◆ Task description ◆
Starting at the first line of the entries below, please return exactly each line up to and including the one with "在秘鲁,除了最普通的土黄色马"; pictures stay out.

Extracted records

══════════════════════════════

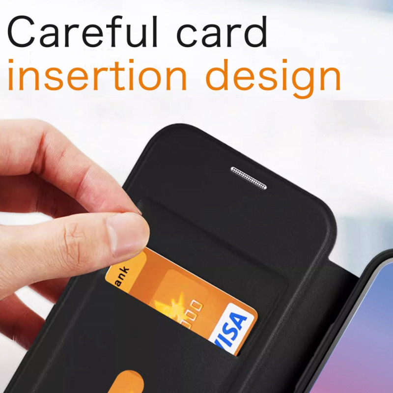 Découvrez notre flip cover anti-rayures pour Samsung Galaxy S24 5G et munie d'un porte-carte intérieur.
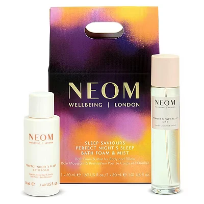 LUXURY GIFTING - This festive season give the gift of NEOM Wellbeing, with our Sleep Saviours Gift Set our ready-made sleep set, perfectly packaged to help you unwind and relax after a busy day and feel prepared for bed. 100% NATURAL FRAGRANCES - Expertly blended with 100% natural essential oils including lavender, chamomile and patchouli. SCENT TO SLEEP – Nothing affects how you look or feel as much as sleep, or lack of it. The NEOM Scent To Sleep range has been specially formulated to relax your mind and body to enjoy the perfect night’s sleep WHAT'S INCLUDED - The Sleep Saviours Gift Set contains our Perfect Night’s Sleep Bath Foam (50ml) and Perfect Night’s Sleep Mist (30ml). HOW TO USE - Let us help you to create the ultimate nightly routine... Enjoy a skin-loving soak with our Perfect Night’s Sleep Bath Foam. Then finally, just before lights out, spritz our Perfect Night’s Sleep Mist to really help you drift off.
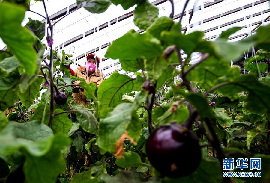 2月25日,河北武安市白沙村村民对蔬菜大棚内的茄子进行日常管理。 初春时节,气温回升,农民在田间地头忙于农业生产。 新华社记者 王晓 摄
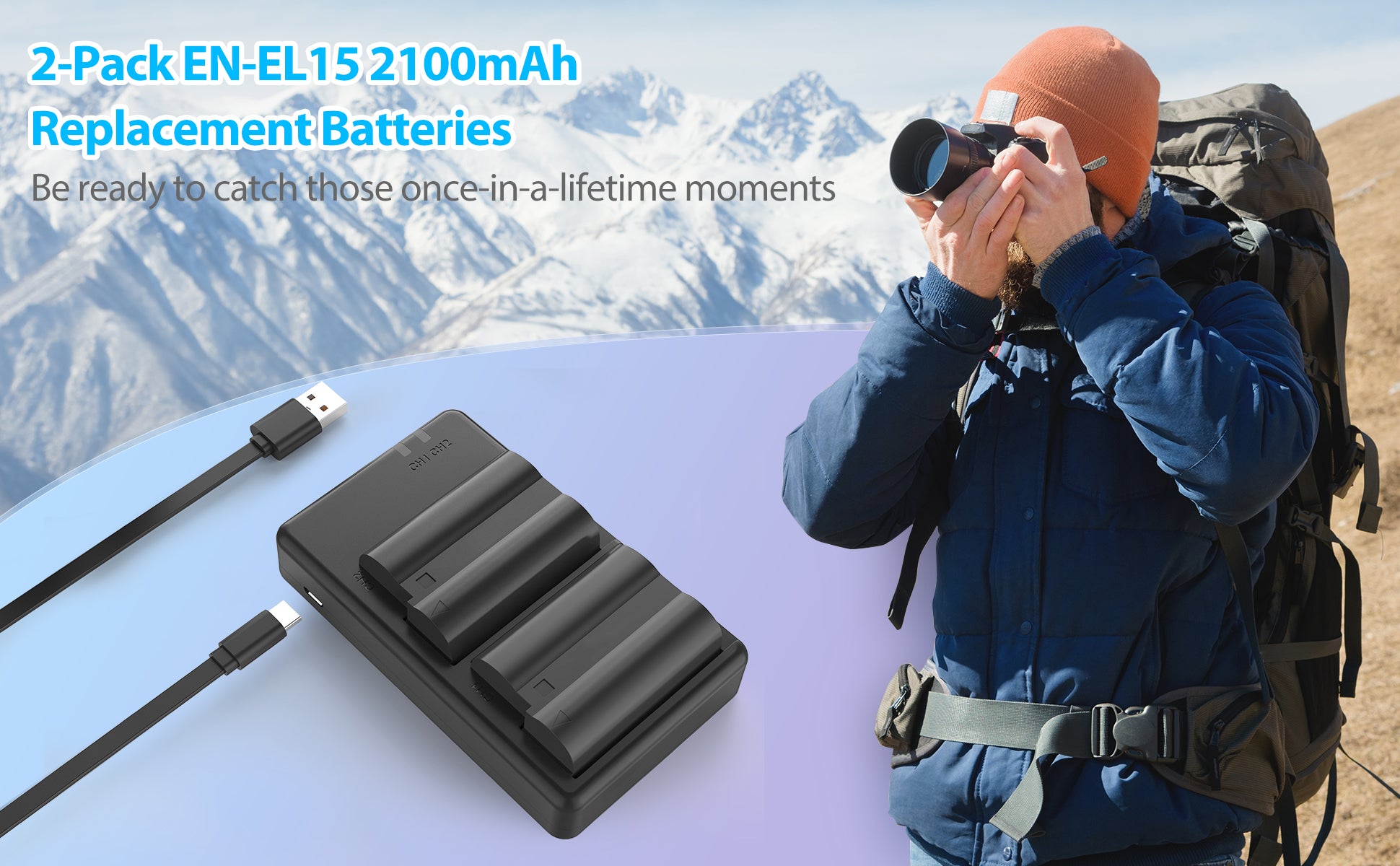 Portable, high-capacity batteries provide the power you need in a travel-friendly size to keep taking breathtaking shots wherever life takes you.
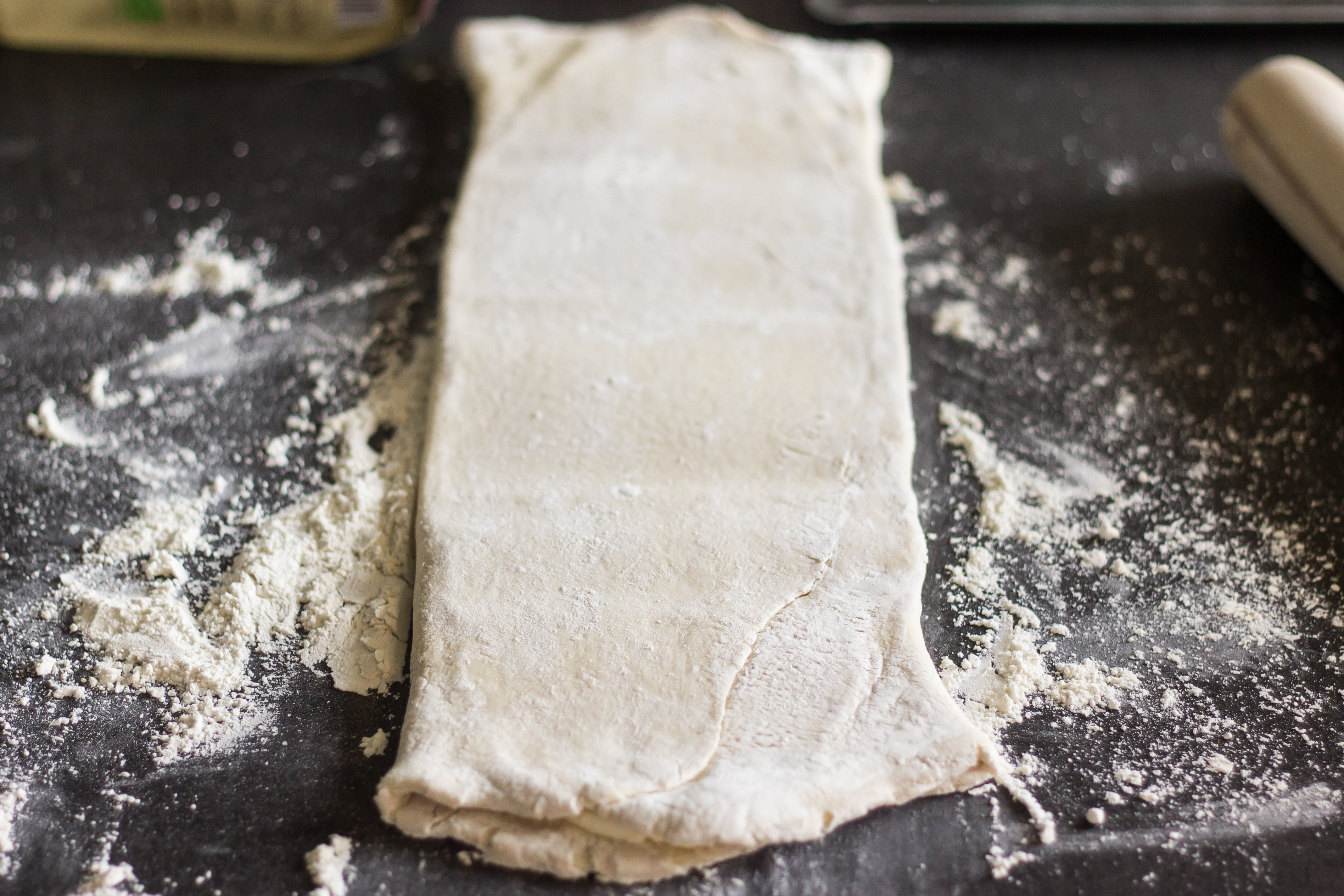 Etape 4 : Etaler la pâte comme sur la photo ci après en gardant la pliure vers soi.
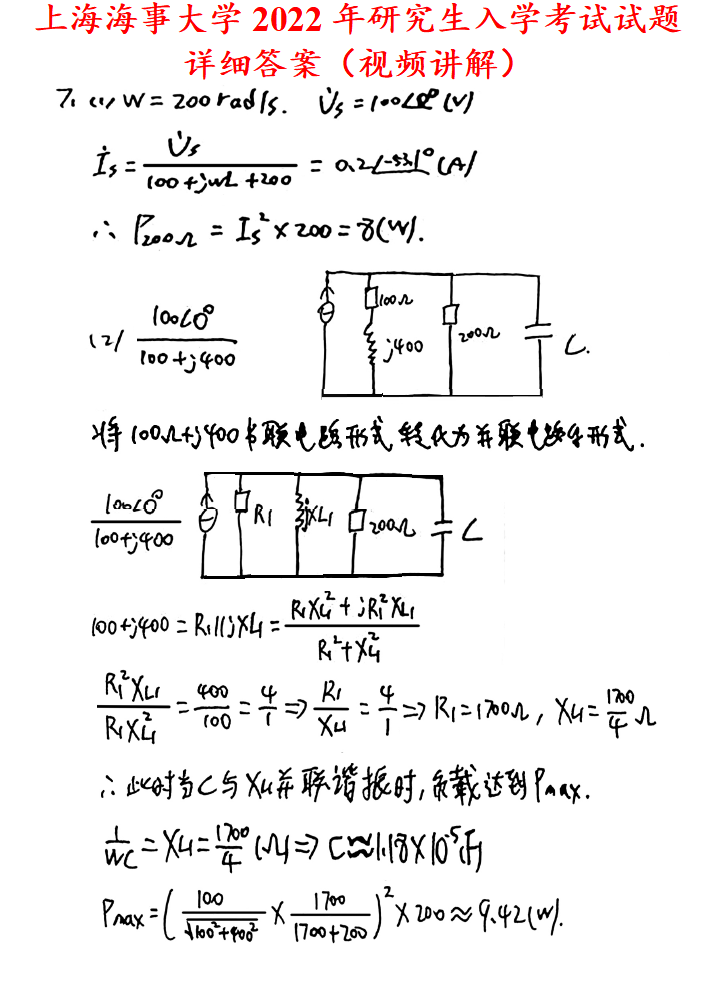 上海海事大学820电路原理考研真题答案网学天地电气控制工程上海海大
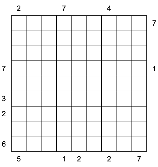 - All outside clues are both Knapp Daneben Skyscraper clues and Knapp Daneben Numbered Rooms clues.
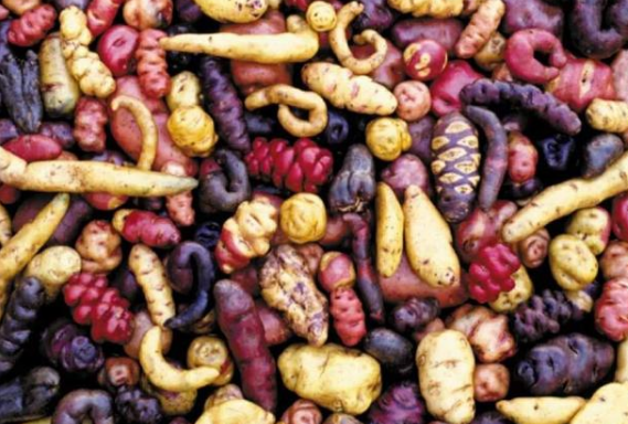 在秘鲁,除了最普通的土黄色马铃薯外,当地农民还种植出了五颜六色、而且奇形怪状的马铃薯,使得秘鲁马铃薯品种多达3500种。
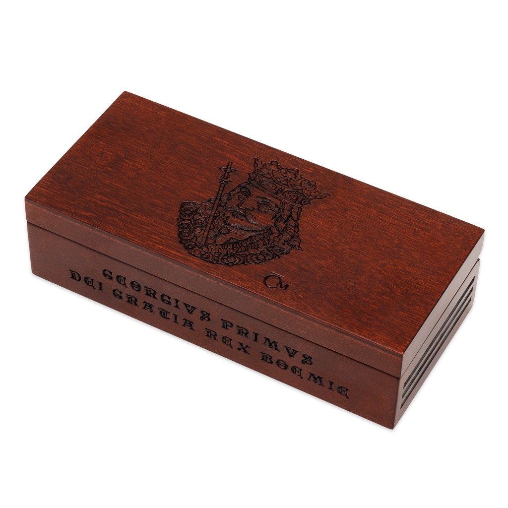 Sada mincí vychází v nákladu pouhých 100 kusů a je uložena do zdobené dřevěné etue. Na víčku najdete portrét Jiřího z Poděbrad inspirovaný Kuthenovou kronikou. Latinský nápis na čelní straně vychází z dobového groše a zní „Jiří z Poděbrad, z boží milosti král český“. Tři pruhy na bočnicích pak odkazují na erb rodu pánů z Kunštátu a Poděbrad. Certifikát pravosti je ozdoben původními kresbami Michala Vitanovského.
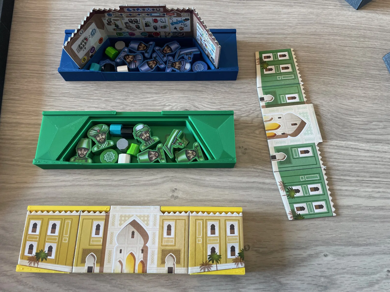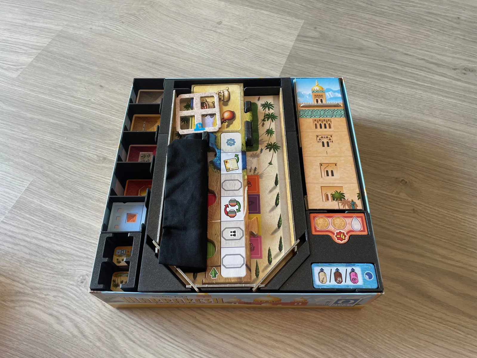 Đây là bộ organizer đầy đủ cho hộp Marrakesh bản Essential Edition, kèm luôn gói nâng cấp Deluxe Component Upgrade Pack (hộp vẫn có thể dùng cho bản không có Deluxe Components, NGOẠI TRỪ phần cửa thành phố (city doors) — chắc bạn sẽ phải tự làm/thiết kế một hộp thay cho cách mình làm cho phần cửa).
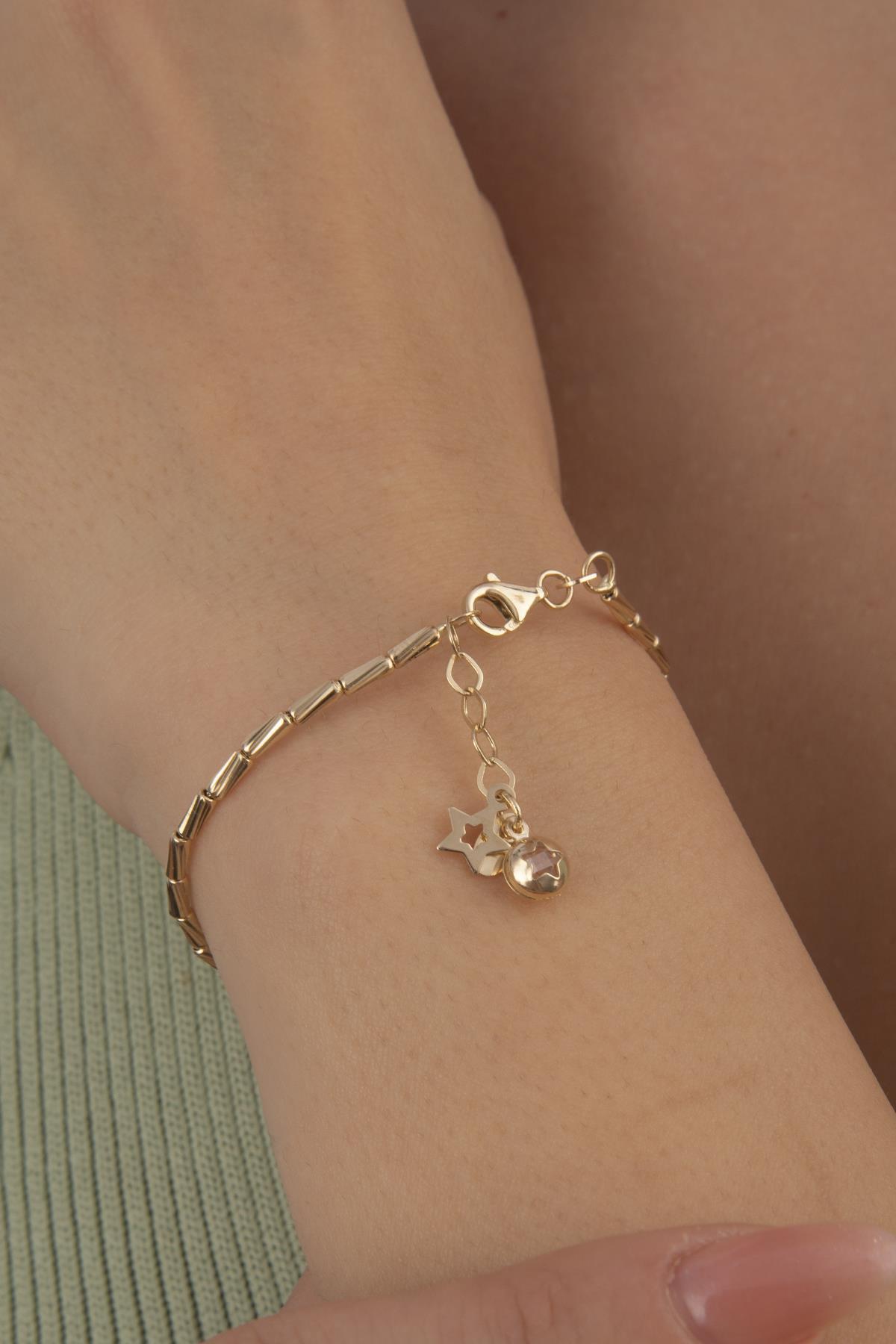 14 Ayar Altın Yıldız Detaylı Roller Bileklik

══════════════════════════════

◆ Solution for this problem ◆
 Découvrez notre flip cover anti-rayures pour Samsung Galaxy S24 5G et munie d'un porte-carte intérieur.
 LUXURY GIFTING - This festive season give the gift of NEOM Wellbeing, with our Sleep Saviours Gift Set our ready-made sleep set, perfectly packaged to help you unwind and relax after a busy day and feel prepared for bed. 100% NATURAL FRAGRANCES - Expertly blended with 100% natural essential oils including lavender, chamomile and patchouli. SCENT TO SLEEP – Nothing affects how you look or feel as much as sleep, or lack of it. The NEOM Scent To Sleep range has been specially formulated to relax your mind and body to enjoy the perfect night’s sleep WHAT'S INCLUDED - The Sleep Saviours Gift Set contains our Perfect Night’s Sleep Bath Foam (50ml) and Perfect Night’s Sleep Mist (30ml). HOW TO USE - Let us help you to create the ultimate nightly routine... Enjoy a skin-loving soak with our Perfect Night’s Sleep Bath Foam. Then finally, just before lights out, spritz our Perfect Night’s Sleep Mist to really help you drift off.
 2月25日,河北武安市白沙村村民对蔬菜大棚内的茄子进行日常管理。 初春时节,气温回升,农民在田间地头忙于农业生产。 新华社记者 王晓 摄
 Portable, high-capacity batteries provide the power you need in a travel-friendly size to keep taking breathtaking shots wherever life takes you.
 Etape 4 : Etaler la pâte comme sur la photo ci après en gardant la pliure vers soi.
 上海海事大学820电路原理考研真题答案网学天地电气控制工程上海海大
 - All outside clues are both Knapp Daneben Skyscraper clues and Knapp Daneben Numbered Rooms clues.
 在秘鲁,除了最普通的土黄色马铃薯外,当地农民还种植出了五颜六色、而且奇形怪状的马铃薯,使得秘鲁马铃薯品种多达3500种。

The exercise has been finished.